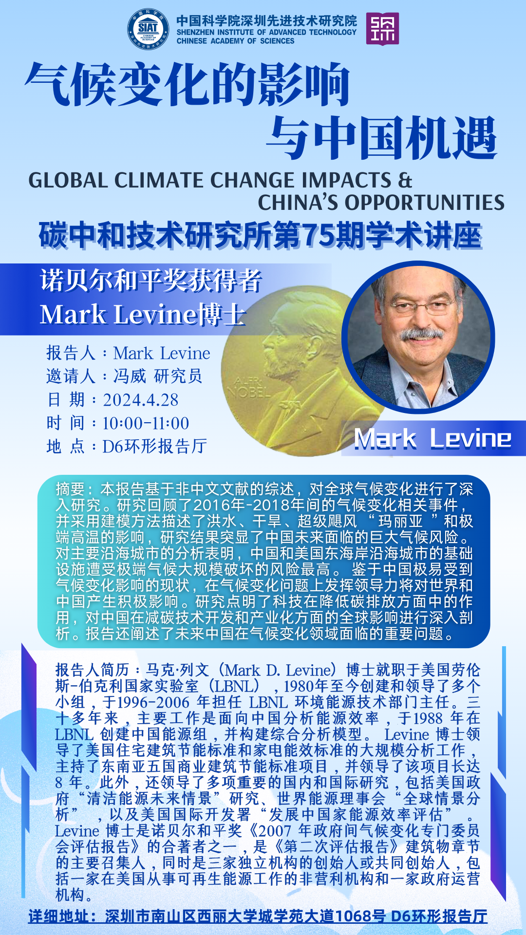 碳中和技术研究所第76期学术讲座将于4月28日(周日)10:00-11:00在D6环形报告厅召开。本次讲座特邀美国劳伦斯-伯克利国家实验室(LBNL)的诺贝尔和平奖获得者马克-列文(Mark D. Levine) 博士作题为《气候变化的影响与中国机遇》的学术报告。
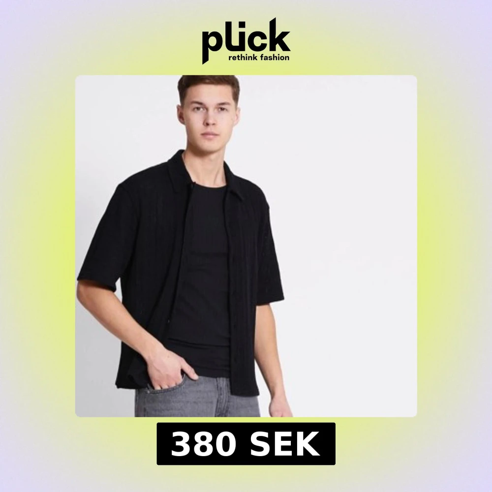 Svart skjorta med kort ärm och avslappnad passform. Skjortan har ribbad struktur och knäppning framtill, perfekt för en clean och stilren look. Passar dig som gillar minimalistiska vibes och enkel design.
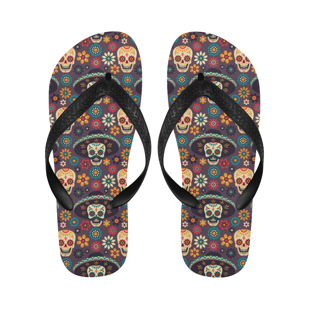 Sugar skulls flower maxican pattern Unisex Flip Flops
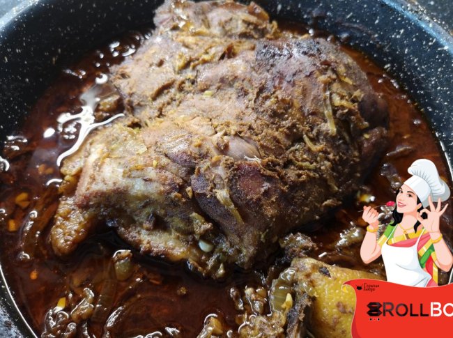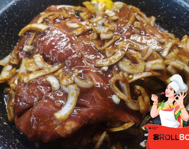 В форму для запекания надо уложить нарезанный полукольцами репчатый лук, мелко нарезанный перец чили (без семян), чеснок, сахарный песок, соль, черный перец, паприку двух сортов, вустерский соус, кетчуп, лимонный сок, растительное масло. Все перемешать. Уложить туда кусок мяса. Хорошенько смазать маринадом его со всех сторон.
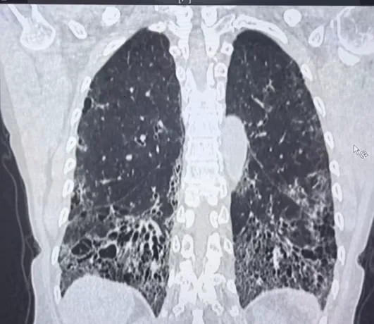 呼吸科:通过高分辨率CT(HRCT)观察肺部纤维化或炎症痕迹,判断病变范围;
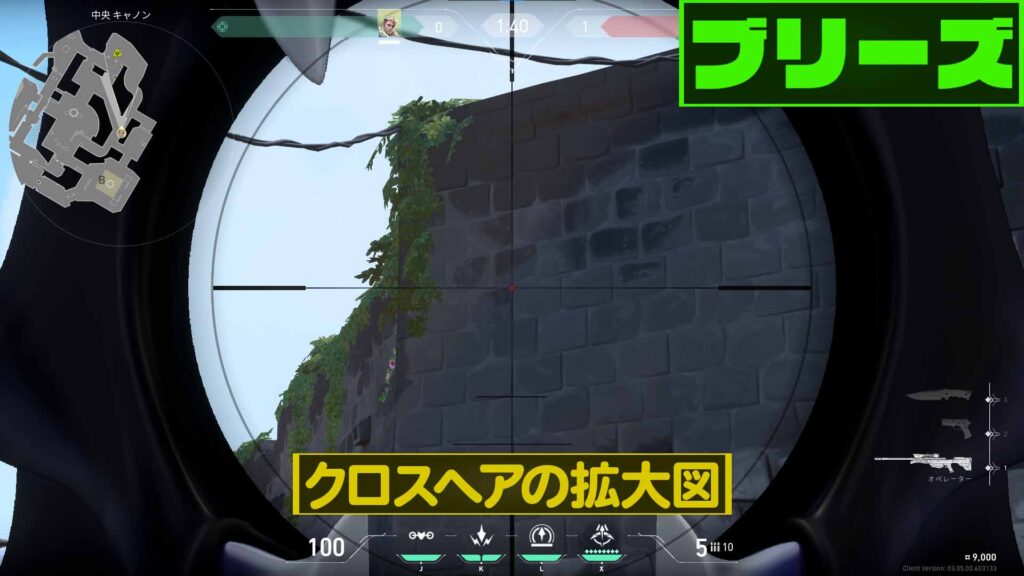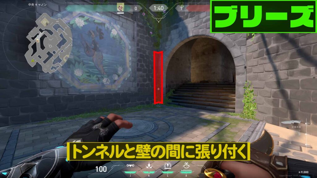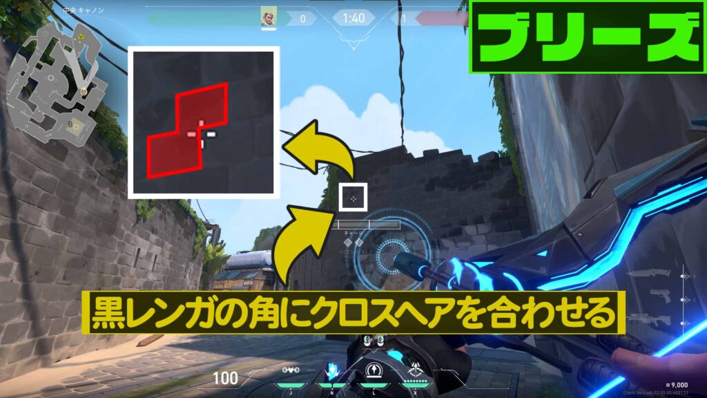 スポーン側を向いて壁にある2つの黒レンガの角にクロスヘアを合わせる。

...

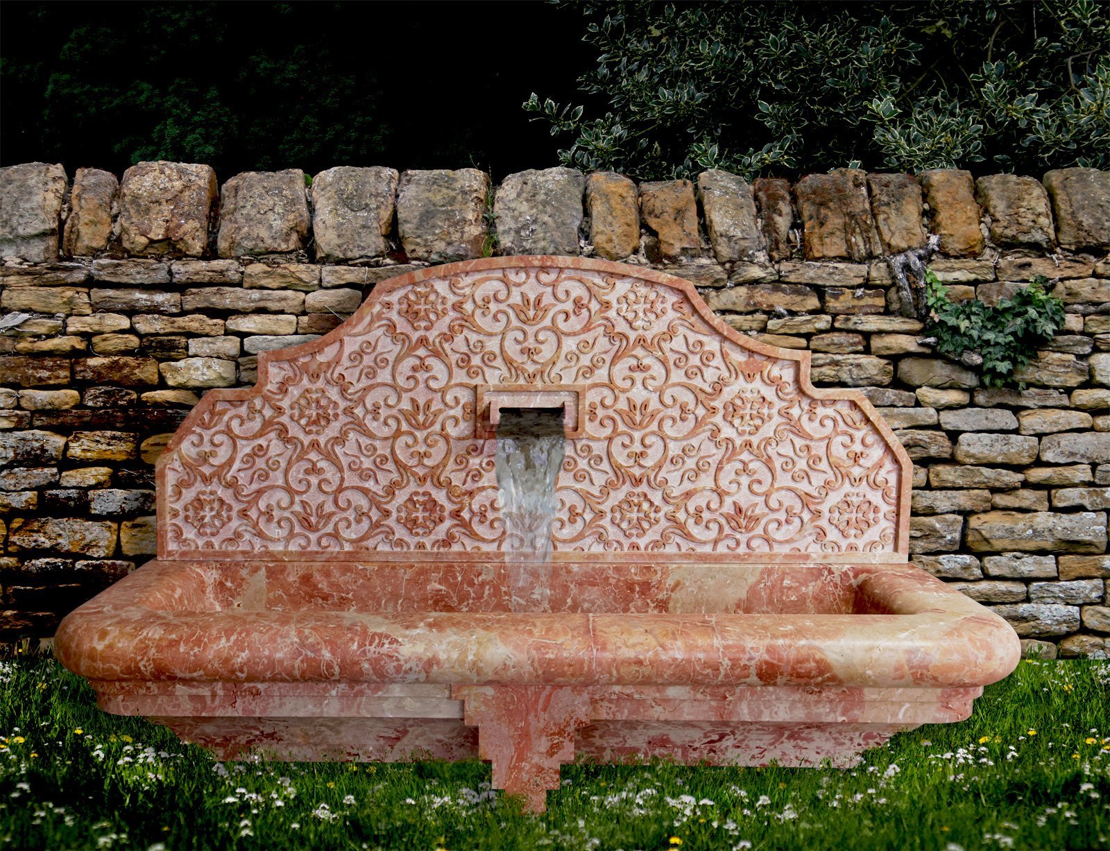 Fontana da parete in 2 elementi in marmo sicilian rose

• _What you have to do_
Take the entries above and copy exactly the lines starting at the one with "D. Levine) 博士作题为《气候变化的影响与中国机遇》的学术报告。" and ending at the one with "Svart skjorta med"; nothing outside that span, and no pictures.

• _Exercise response_
 碳中和技术研究所第76期学术讲座将于4月28日(周日)10:00-11:00在D6环形报告厅召开。本次讲座特邀美国劳伦斯-伯克利国家实验室(LBNL)的诺贝尔和平奖获得者马克-列文(Mark D. Levine) 博士作题为《气候变化的影响与中国机遇》的学术报告。
 Svart skjorta med kort ärm och avslappnad passform. Skjortan har ribbad struktur och knäppning framtill, perfekt för en clean och stilren look. Passar dig som gillar minimalistiska vibes och enkel design.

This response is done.